Work instruction. Write out every line exactly, from the first line of the records below through the line that contains "<인사>군산시 2024년 상반기 정기인사 2(7월24일자)".

Dataset extract.
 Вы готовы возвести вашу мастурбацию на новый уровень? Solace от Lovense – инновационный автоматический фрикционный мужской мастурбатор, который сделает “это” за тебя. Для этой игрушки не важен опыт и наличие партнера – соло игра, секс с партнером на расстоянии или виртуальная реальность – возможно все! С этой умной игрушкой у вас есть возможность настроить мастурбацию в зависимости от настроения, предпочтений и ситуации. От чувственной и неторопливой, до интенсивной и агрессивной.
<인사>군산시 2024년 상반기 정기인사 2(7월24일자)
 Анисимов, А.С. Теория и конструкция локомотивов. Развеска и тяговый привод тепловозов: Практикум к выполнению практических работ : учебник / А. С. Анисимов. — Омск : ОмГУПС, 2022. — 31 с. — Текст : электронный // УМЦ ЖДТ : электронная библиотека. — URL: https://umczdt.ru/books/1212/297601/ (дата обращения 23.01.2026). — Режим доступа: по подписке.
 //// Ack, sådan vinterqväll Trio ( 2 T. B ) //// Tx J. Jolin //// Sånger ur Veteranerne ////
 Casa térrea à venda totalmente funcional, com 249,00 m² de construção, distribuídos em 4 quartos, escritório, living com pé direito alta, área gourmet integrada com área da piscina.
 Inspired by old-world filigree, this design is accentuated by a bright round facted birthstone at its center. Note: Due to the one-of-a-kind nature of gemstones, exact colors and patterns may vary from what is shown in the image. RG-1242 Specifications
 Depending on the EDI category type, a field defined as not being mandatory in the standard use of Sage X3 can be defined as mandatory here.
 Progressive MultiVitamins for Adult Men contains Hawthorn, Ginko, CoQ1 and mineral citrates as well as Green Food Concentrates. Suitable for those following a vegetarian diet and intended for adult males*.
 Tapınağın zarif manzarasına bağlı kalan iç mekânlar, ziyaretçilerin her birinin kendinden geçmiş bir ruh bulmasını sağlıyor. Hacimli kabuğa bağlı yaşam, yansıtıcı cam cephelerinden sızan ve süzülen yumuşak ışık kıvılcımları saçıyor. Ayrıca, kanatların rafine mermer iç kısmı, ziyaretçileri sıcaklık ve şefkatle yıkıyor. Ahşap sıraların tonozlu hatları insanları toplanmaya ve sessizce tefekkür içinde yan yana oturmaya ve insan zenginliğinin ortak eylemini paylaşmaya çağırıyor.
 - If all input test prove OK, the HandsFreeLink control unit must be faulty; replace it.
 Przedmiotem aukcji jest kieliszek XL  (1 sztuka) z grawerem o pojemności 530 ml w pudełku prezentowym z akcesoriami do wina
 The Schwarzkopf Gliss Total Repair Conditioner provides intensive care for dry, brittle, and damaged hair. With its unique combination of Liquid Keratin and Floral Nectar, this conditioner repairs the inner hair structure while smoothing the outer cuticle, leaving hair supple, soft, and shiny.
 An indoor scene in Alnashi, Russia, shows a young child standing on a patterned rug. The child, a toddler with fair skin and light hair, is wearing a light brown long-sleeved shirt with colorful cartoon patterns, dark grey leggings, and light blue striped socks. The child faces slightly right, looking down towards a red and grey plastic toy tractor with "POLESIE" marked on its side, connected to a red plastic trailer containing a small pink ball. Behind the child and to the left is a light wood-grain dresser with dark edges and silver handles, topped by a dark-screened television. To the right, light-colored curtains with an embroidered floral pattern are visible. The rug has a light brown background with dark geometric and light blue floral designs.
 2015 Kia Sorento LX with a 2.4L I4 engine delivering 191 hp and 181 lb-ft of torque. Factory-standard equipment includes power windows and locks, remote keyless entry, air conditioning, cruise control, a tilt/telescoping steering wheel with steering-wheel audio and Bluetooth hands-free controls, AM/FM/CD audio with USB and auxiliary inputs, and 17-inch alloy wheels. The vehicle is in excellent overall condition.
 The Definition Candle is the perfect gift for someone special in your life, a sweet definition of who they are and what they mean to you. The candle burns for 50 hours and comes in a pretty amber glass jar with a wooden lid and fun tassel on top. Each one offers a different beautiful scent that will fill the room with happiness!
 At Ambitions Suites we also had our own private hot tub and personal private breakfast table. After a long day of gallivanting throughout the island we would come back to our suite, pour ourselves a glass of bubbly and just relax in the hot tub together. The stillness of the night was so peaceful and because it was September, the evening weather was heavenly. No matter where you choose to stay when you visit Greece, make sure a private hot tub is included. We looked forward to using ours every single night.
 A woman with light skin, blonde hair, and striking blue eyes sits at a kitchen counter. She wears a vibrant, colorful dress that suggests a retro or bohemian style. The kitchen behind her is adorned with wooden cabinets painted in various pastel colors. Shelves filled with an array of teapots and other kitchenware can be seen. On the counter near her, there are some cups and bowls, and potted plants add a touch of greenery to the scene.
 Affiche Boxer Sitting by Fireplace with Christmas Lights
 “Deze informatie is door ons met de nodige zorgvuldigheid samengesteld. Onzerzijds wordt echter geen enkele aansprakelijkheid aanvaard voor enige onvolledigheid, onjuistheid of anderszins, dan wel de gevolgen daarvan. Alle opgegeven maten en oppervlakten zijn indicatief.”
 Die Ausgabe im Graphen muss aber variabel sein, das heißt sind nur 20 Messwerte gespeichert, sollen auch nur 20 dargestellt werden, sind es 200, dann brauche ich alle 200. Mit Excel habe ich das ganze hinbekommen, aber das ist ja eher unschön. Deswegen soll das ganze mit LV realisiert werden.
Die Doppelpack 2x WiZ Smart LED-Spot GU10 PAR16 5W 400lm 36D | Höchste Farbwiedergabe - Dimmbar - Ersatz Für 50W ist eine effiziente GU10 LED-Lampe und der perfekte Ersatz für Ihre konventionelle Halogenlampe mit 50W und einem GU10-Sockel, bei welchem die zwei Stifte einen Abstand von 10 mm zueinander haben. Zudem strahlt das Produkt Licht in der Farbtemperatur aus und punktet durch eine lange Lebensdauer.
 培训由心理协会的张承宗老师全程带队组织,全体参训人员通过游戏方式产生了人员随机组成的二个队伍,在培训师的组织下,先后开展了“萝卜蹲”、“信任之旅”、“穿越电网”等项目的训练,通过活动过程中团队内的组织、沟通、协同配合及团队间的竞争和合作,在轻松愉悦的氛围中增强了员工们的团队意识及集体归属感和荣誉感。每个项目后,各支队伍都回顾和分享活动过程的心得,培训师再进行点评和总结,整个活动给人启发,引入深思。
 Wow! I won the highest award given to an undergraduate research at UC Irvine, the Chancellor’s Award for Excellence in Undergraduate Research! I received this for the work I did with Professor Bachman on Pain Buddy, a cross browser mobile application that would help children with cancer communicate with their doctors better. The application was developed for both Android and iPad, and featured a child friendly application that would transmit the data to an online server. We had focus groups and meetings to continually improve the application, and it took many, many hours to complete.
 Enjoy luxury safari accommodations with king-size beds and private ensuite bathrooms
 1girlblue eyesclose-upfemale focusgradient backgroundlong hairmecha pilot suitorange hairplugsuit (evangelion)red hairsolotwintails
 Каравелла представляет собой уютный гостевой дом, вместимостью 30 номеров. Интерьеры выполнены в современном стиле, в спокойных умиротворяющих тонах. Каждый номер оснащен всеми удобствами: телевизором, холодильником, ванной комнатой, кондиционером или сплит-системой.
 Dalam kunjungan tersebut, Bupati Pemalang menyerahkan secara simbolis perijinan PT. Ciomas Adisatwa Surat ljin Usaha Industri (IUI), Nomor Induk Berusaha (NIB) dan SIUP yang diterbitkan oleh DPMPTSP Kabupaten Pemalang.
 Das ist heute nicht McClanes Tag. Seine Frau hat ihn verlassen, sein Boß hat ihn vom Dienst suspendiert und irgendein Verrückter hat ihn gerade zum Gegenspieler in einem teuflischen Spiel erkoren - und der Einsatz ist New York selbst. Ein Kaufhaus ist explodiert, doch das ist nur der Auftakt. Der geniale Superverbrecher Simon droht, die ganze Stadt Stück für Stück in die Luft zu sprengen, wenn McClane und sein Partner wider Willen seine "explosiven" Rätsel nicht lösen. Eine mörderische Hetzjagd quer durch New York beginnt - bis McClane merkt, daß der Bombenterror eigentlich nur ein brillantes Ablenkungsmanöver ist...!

Your solution.
 Вы готовы возвести вашу мастурбацию на новый уровень? Solace от Lovense – инновационный автоматический фрикционный мужской мастурбатор, который сделает “это” за тебя. Для этой игрушки не важен опыт и наличие партнера – соло игра, секс с партнером на расстоянии или виртуальная реальность – возможно все! С этой умной игрушкой у вас есть возможность настроить мастурбацию в зависимости от настроения, предпочтений и ситуации. От чувственной и неторопливой, до интенсивной и агрессивной.
<인사>군산시 2024년 상반기 정기인사 2(7월24일자)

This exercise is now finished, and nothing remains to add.